Computational issues in chemo-dynamical modelling of the formation and evolution of galaxies

TL;DR

This paper investigates the challenges of accurately simulating chemical evolution in galaxy formation, highlighting resolution limits, stochastic supernova effects, and the importance of metal mixing schemes.

Contribution

It demonstrates the resolution threshold affecting scatter in simulations and proposes metal mixing schemes to improve accuracy in chemo-dynamical models.

Findings

Resolution below 10^3 M_sun increases scatter due to stochastic supernovae.

Metal mixing schemes reduce scatter to observed levels.
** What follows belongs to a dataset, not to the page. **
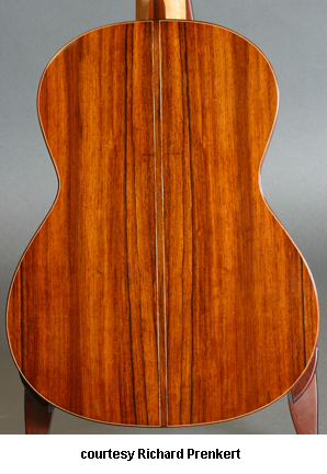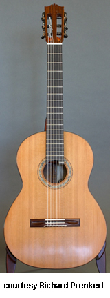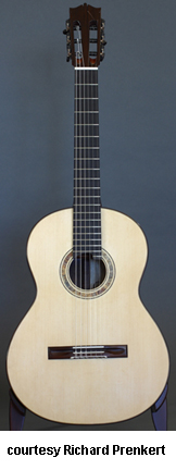PRENKERT, RICHARD | Instruments currently built in near Sebastopol, CA since 1979. | Luthier Richard Prenkert builds high quality classical guitars in his shop near Sebastopol, CA. Prenkert graduated with a Bachelor of Arts degree in music from Sonoma State University in California, and has studied with George Sakellarion, Philip Rosheger, and Richard Stover. Prenkert began building guitars in 1979 when he co-owned a music shop in Santa Rosa, CA. Prekert classical guitars start at $6,000 and are available in a variety of high-quality tonewoods. Waiting time for delivery on a guitar is currently about five months, and Prenkert builds between fifteen and twenty guitars a year. For more information visit Prenkert's website or contact him directly (see Trademark Index). | |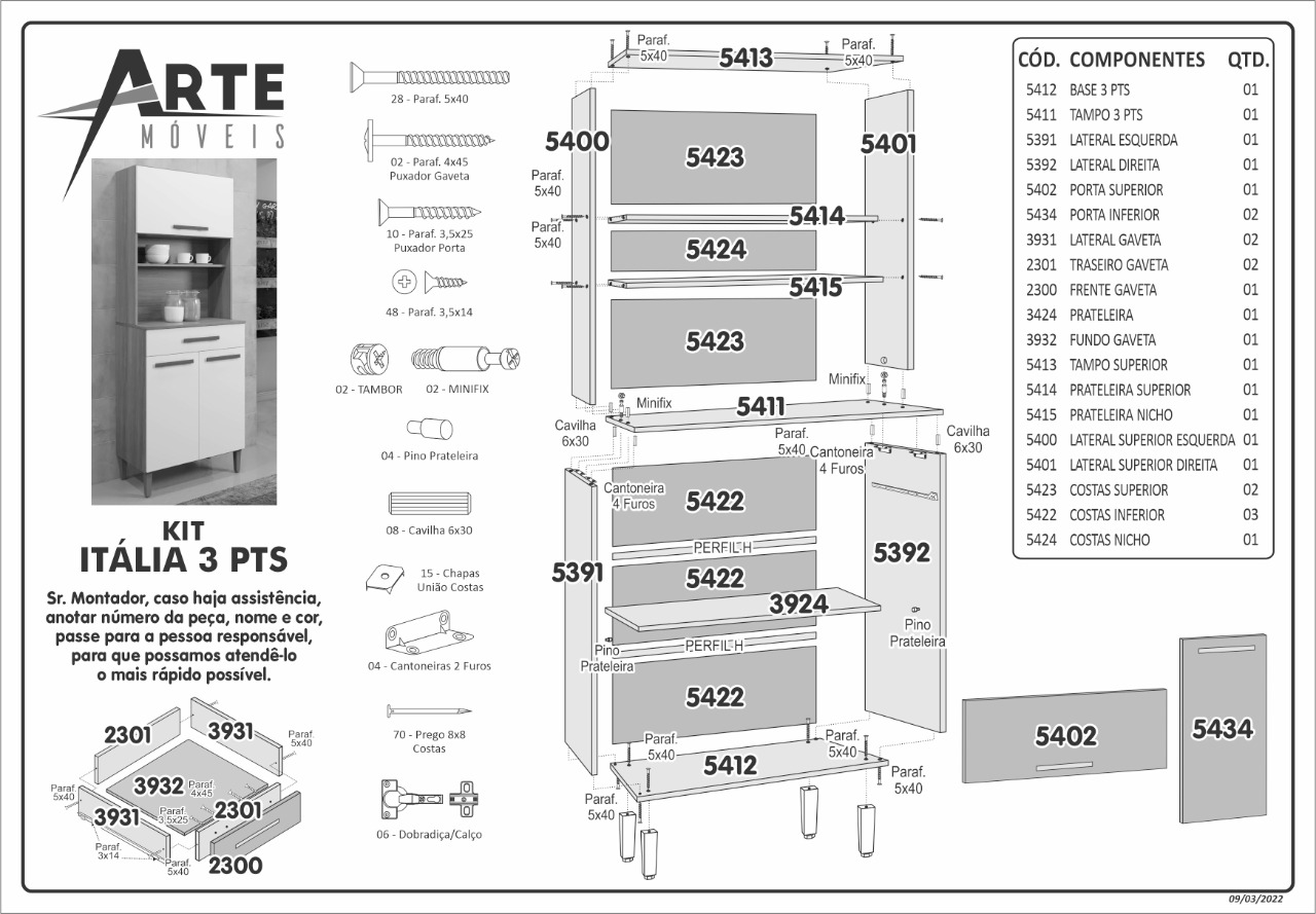 Kit Cozinha Itália 03 Portas e 01 Gaveta Arte Móveis

Best practices for simulating dwarf galaxies and the Milky Way are summarized.

Abstract

Chemo-dynamical N-body simulations are an essential tool for understanding the formation and evolution of galaxies. As the number of observationally determined stellar abundances continues to climb, these simulations are able to provide new constraints on the early star formaton history and chemical evolution inside both the Milky Way and Local Group dwarf galaxies. Here, we aim to reproduce the low $\alpha$-element scatter observed in metal-poor stars. We first demonstrate that as stellar particles inside simulations drop below a mass threshold, increases in the resolution produce an unacceptably large scatter as one particle is no longer a good approximation of an entire stellar population. This threshold occurs at around $10^3\,\rm{M_\odot}$, a mass limit easily reached in current (and future) simulations. By simulating the Sextans and Fornax dwarf spheroidal galaxies we show that this increase in scatter at high resolutions arises from stochastic supernovae explosions. In order to reduce this scatter down to the observed value, we show the necessity of introducing a metal mixing scheme into particle-based simulations. The impact of the method used to inject the metals into the surrounding gas is also discussed. We finally summarise the best approach for accurately reproducing the scatter in simulations of both Local Group dwarf galaxies and in the Milky Way.